In order to remain the world economic leader, we must modernize our aging infrastructure
By Dominika Kowalska
We are only a few months into the new year, but we can all agree that the month of March felt rather like a year than a month due to the coronavirus pandemic. 2020 is an election year and a trial year for infrastructure, especially for soft infrastructure, including health institutions and emergency services.
I would like to look at the coronavirus outburst in a positive light, as an opportunity to verify how well our infrastructure and institutions react in a time of emergency, and to learn and prepare for the future. It is a trial to American infrastructure, mobilizing the institutions to check, modernize, improve, and if it is done right, it will leave us better prepared for the future.
Transportation and Coronavirus
To help alleviate the consequences of the pandemic, in late March 2020 the House Democrats proposed the “Take Responsibility for Workers and Families Act” that will help millions of workers in aviation, railroad, and public sectors, as well as families at risk of losing water and wastewater services due to coronavirus crisis.
Transportation-related provisions in the act proposal include $25 billion to keep public transit operational for healthcare and other essential employees, $1 billion to sustain Amtrak rail network, relief for railroad workers, low-income households in the form of drinking water and wastewater rate assistance.
It also includes $10 billion for airports to use on infrastructure projects, cleaning, sanitization, janitorial services, and requires airport to retain 90 percent of their workforce and provide relief to airport concessionaires. Moreover, nearly one million of aviation workers and contractors will receive $37 billion in grants to ensure that 750,000 employees of mainline, regional, and cargo airlines receive their regular paycheck.
Peter DeFazio, chairman of the Transportation and Infrastructure Committee, who offered input for the package, said: “As we adjust to a new reality, for now, of staying close to home, ridership on our public transit systems, commuter rail, Amtrak and airlines has plummeted — nearly zeroing out revenue streams,” DeFazio explained. “But here’s the thing: Transportation will always be critical to our nation — especially right now.”
Major change in infrastructure? Eco-friendly materials.
At the end of January 2020, House Democrats released a $760 billion plan to rebuild the nation’s infrastructure while helping address climate change. “America’s surface transportation system is in urgent need of sustained investment and a new vision to meet 21st century challenges” we can read in the Moving Forward Framework.

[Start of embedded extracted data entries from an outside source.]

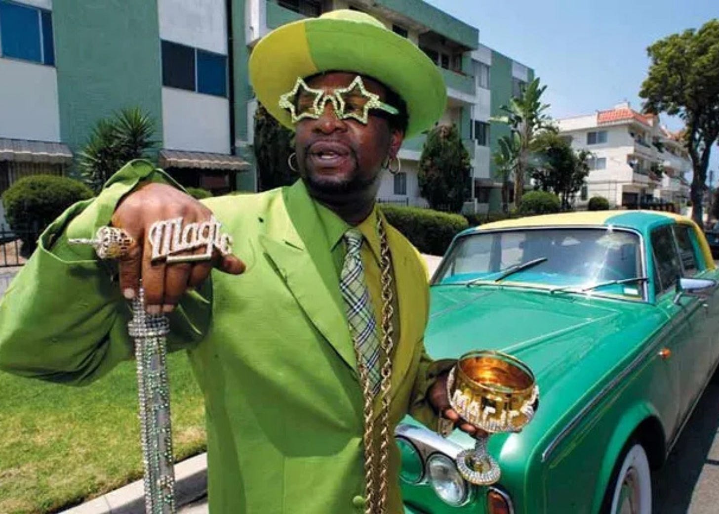 In a pumpkin suit, flashing rings and twinkling cherry gators, Pimp Chicago delicately tweaked the tilt of his strawberry hat in a wing mirror. A bony five-two, he put the imp in ‘pimp’, an elfin dandy, dressed for a tap dance.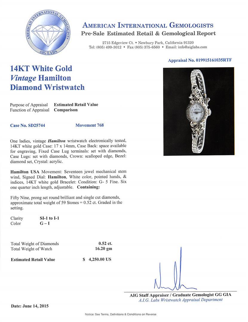 One ladies, vintage Hamilton wristwatch electronically tested 14KT white gold Case: 17 x 14mm, Case Back: space available for engraving, Fixed Case Lug terminals: set with diamonds, Case Lugs: set with diamonds, Crown: scalloped edge, Bezel: diamond set, Crystal: acrylic. Hamilton USA Movement: Seventeen jewel mechanical stem wind, Signed Dial: Hamilton, White color, pointed hands, & indices, 14KT white gold Bracelet: Condition: G-5 Fine. Six one quarter inch length, adjustable. Containing: Fifty Nine, prong set round brilliant and single cut diamonds, approximate total weight of 59 Stones = 0.52 ct. Graded in the setting. Clarity: SI-1 to I-1. Color: G - I. Total Weight of Diamonds: 0.52ct. Total Weight of Watch: 16.20 grams. AIG Appraised at $4,250.00.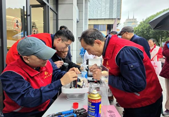 活动现场,便民服务与金融教育宣传深度交融,温情与专业相得益彰,人气满满、暖意融融。义剪摊位前,理发师为老年居民修剪心仪的发型,将贴心关怀在指尖传递;义诊区域内,医护人员认真为居民测量血压、问诊把脉、讲解眼部健康养护知识,用专业与耐心守护群众健康。志愿者还为一线快递员、外卖骑手送上关怀与问候,普及反诈防骗等知识,传递城市温度。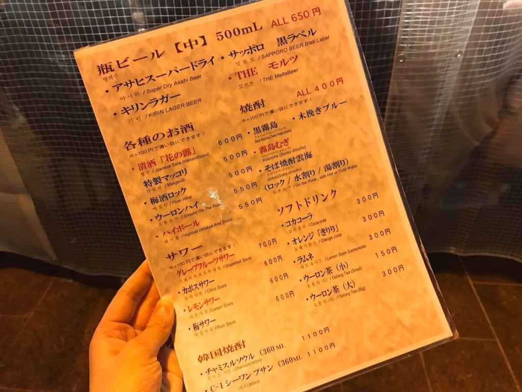 メニューはこちら。ほぼ見えませんね、ごめんなさい(苦笑)。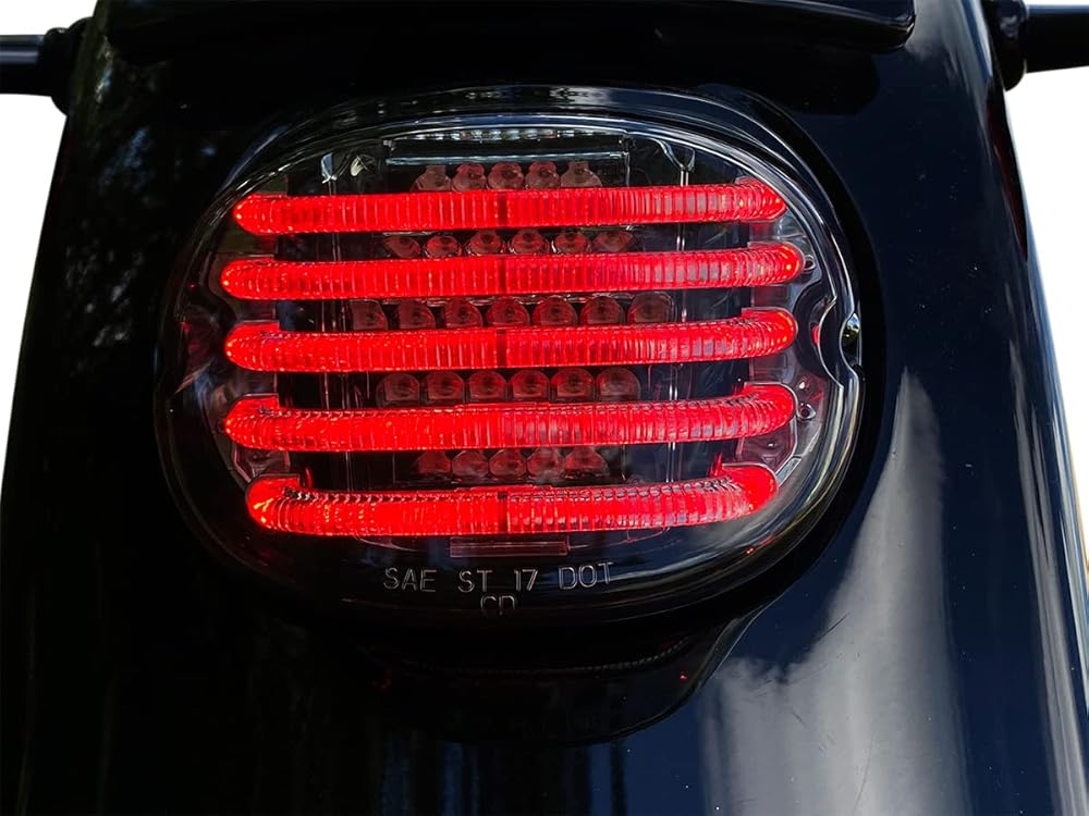 ProBEAM Integrated Taillight combines 5 LED running light pipes with full contrast red brake LEDs with built in left and right amber auxiliary turn signals. Replacement gasket and nylon washers included for easy plug and play installation into OEM taillight circuit board. Available with a Red or Smoked lens with optional license plate illumination window. Compatible with 1999-2013 Harley-Davidson Sportster models (Except XL1200N, XL1200X, XL1200V or XL883N); 2014-2019 XL883L & XL1200T, 1999-2017 Dynas (Except 2009-2017 FXDB, 2010-2017 FXDWG), 1999-2017 Softails (Except FXS, FLS, FXSB, FXSBSE, FXSTD, FXSTDSE, FLSTN, FLSTNSE, FXCWC, 2010 FLSTSE2), 2018-2020 Heritage Classic (FLHC), 1999-2013 Electra Glide, Ultra Classic, Ultra Limited models (including CVO), Road King Classic (FLHRC), Road Glide Ultra (FLTRU), Road Glide Ultra CVO (FLTRUSE), 1999-2009 Road Glide Standard (FLTR), 2006-2009 Street Glide (FLHX), 1999-2020 Road King (FLHR), 2014-2015 Limited CVO, 2015 Road Glide Ultra CVO (FLTRUSE), 2019-2020 Electra Glide Standard (FLHT). Not Recommended for inverted installation on 01 FXDWG2, 02 FXDWG3, 99-08 FXDWG, 2008-2013 FXDF, 99-09 FXSTB, 08-11 FLSTSB, 99-10 FXSTC, 99-07 FXST, 99-06 FXSTS, 09-12 XR1200 & XR1200X. Not compatible on Trike models, on models with Run/Brake/Turn module installed or on CanBus models with Brake/Turn BCM programming. Important: DOT & SAE Compliant run and brake. Integrated turn signals are intended for use as auxiliary lighting only. Integrated turn signals are NOT intended to replace any original equipment lighting installed on the vehicle and should not be used for that purpose. This product must be wired so that it does not interfere with any original equipment lighting. US Patents: D807545, D807546, D808050. China Patent: ZL201730257957.9 ProBEAM Integrated Taillight is an aftermarket replacement for Harley-Davidson OEM Part 68245-03. It is compatible with Harley-Davidson motorcycles, but is manufactured by Custom Dynamics.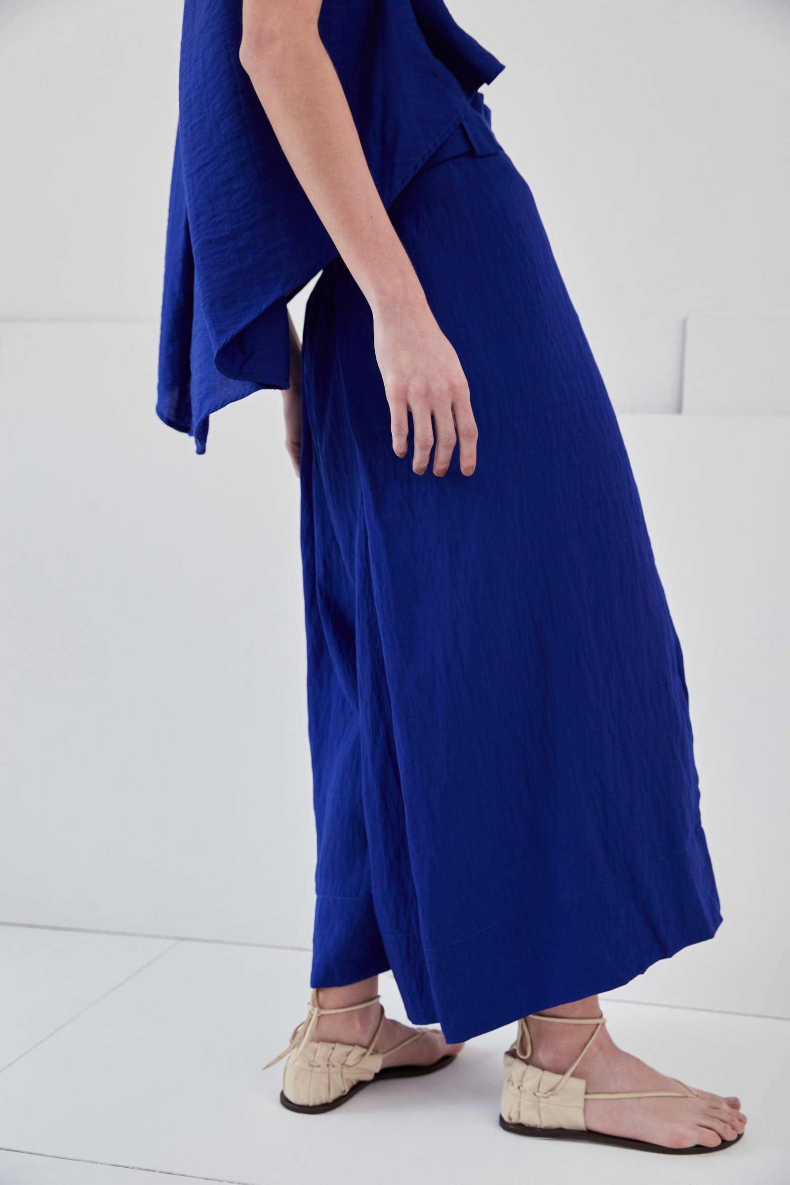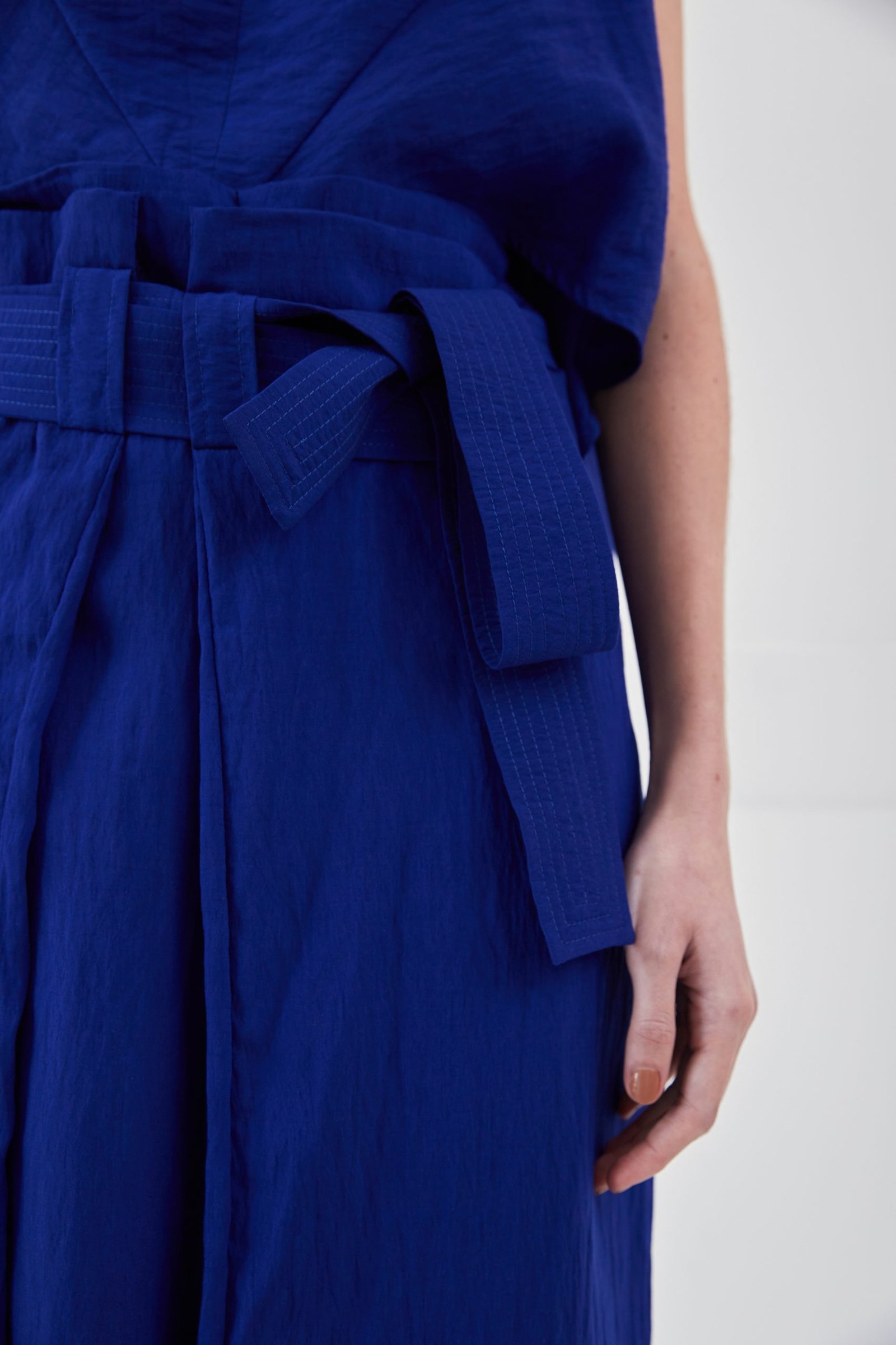 Nossa calça DOBRAS é construída como uma dobradura, em processos de modelagem zero waste, unindo a fluidez do tecido com a estrutura dos recortes. Em shape amplo, possui faixas com detalhes pespontados – que se ajustam à cintura por meio de passadores – e permitem diversas possibilidades de amarração.

This infrastructure plan would set a path toward zero carbon pollution from the transportation sector, creating jobs, protecting our natural resources, promoting environmental justice, and increasing resiliency to climate change. It would invest $329 billion in transportation systems, implementing the use of modern technology, road safety investments, and increase availability of charging stations and other alternative fueling options for zeroemission vehicles.
$105 billion would be allocated for transit agencies and maintenance, increasing, among others, investment in zeroemission buses to reduce carbon pollution. $55 billion is destined for railways, to expand the nation’s passenger rail network, invest in Amtrak stations, and much needed rail car modernization.
$21.4 billion would be spent to ensure clean drinking water, since still, not every region in USA has access to it. Providing clean drinking water would reduce the plastic waste and let Americans save money. The plan also includes $34,3 billion in clean energy investment.
“There is no better way to strengthen our economy for the future than to modernize our badly aging infrastructure. This bold framework not only helps us rebuild our nation, it also combats climate change by reducing carbon emissions and moving us towards a clean energy future,” said Energy and Commerce Committee Chair Frank Pallone.
“When we invest in infrastructure, it results in a significant economic multiplier – with each dollar spent, our nation becomes more competitive and prosperous,” said Ways and Means Committee Chair Richard Neal.
Chairman DeFazio said that the Republicans are likely to get behind the plan. “They shouldn’t have any objection to new, more climate friendly materials that are actually going to save the taxpayers money,” “I think there’s a lot of things we could agree on.”
It is certain that modernization is overdue. The World Economic Forum ranked America’s overall infrastructure 9th in the world, and the quality of its roads 11th. If America wants to continue being the world leader, be ready to face economic growth as well as emergencies, and continue serving American people, serious investment in modernization is necessary. To do that, we need to move American infrastructure from grade D+, “Poor, at risk”, to grade A, “Exceptional fit for the future.”